Evguenia Kopylova is the Data Analysis Lead at our company, where she plays a key role in the development of algorithms and graphics tools to identify important relationships within complex omics data, making these insights accessible and valuable to clients. She brings valuable experience in software development for analyzing clinical microbiome and metabolome data, and collaborates with consumer products, pharmaceutical, and biotech companies in microbiome research, providing expertise in longitudinal microbiome-metabolome interactions analysis.
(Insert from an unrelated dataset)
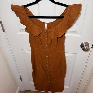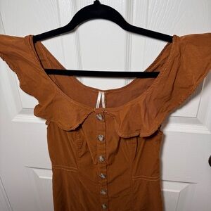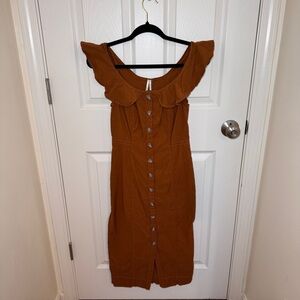 Faux button down midi dress from Anthropologie. Orangish brown color. Ruffle straps. Some stretch. Perfect to transition from summer to fall.

Evguenia is also actively involved in open-source software development for microbiome research. She holds a Doctor of Philosophy (Ph.D.) degree in Computer Science from the University of Lille 1 Sciences and Technology and the National Institute for Research in Digital Science and Technology (Inria), where she developed algorithms for short read sequence alignment using approximate seeds and created SortMeRNA, a widely-used tool for filtering ribosomal RNA from next-generation sequencing (NGS) data.
Prior to her doctoral studies, Evguenia completed a Master’s degree in Computer Science from the Faculty of Engineering at McMaster University, focusing on mathematical models for pattern repetitions and text compression algorithms. She also holds a Bachelor of Science (Honors) degree in Mathematics and Computer Science from McMaster University.
As the Data Analysis Lead, Evguenia combines her skills in computational biology, software development, and data analysis to contribute to our ongoing efforts in microbiome and metabolomics research. Her work helps our team advance in diagnostic analytics and predictive modeling using complex microbiome-metabolome data.